A quarter of a million salmon fry are being released into Speyside burns in an effort to boost stock numbers.
The Spey Fishery Board has reared eggs until they hatch in order to increase the amount of adults returning every year.
Salmon catches on the river reached an eight-year high last year.
However, concerns have been raised by anglers and ghillies that stocks could be about to take a hit due to storms.
Spey Fishery Board biologist Brian Shaw said: “It was good to record that fry numbers had recovered well in 2017 compared to the low counts in 2016.
“The devastating effects of Storm Frank scoured out many of the salmon spawning nests in tributaries such as the River Avon and in the lower Spey.
“As anticipated, the salmon parr counts were lower in affected areas, although off-set to some extent by the quality of the parr remaining.”
Fry bred in a hatchery have now been released into burns leading into the Spey.

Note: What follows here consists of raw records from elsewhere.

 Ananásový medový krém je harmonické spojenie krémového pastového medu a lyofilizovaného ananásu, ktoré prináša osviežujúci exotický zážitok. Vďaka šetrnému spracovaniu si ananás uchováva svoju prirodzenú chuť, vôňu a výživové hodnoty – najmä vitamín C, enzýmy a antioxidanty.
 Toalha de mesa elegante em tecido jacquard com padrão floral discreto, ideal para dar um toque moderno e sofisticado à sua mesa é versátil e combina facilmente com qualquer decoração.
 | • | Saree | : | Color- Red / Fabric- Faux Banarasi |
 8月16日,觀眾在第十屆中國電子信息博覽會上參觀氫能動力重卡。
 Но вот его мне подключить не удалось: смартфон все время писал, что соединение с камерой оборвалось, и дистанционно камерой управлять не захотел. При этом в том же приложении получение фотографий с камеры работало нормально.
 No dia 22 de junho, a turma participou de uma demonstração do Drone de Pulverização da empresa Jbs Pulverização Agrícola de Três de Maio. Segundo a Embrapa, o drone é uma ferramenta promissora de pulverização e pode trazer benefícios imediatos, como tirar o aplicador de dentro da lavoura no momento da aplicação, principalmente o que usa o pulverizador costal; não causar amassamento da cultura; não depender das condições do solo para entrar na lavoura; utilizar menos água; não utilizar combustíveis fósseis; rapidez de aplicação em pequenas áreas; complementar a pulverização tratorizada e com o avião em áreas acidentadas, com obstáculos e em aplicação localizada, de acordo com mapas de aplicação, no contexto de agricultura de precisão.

Eggs stripped from fish in November have been kept in incubators until they hatch about three months later.
The new-borns are then reared in tanks before being returned to rivers where their parents had been captured from initially.
A total of 250,000 will enter the water during this month with that number expected to increase to 330,000 next year.
The Tommore Burn at Ballindalloch and Ringorm Burn at Craigellachie have been stocked with fry above man-made obstacles, including distillery weirs and road culverts, in an effort to reduce the impact of them.
It is estimated that fishing on Speyside contributes about £12million a year to the local economy.
Spey Fishery Board director Roger Knight said: “We have taken on board the very real concerns raised by our ghillies and the anglers who travel so far to fish this magnificent river.
“As a result, the board is planning to increase its stocking next year to just over 330,000 fed fry, which is an increase of more than 30% in comparison to the numbers we are stocking this year.
“We shall be applying to the Scottish Government for a licence to catch the appropriate numbers of adult salmon as broodstock.
“We hope this sends a strong signal to the angling community of our commitment to maximising the River Spey’s return.”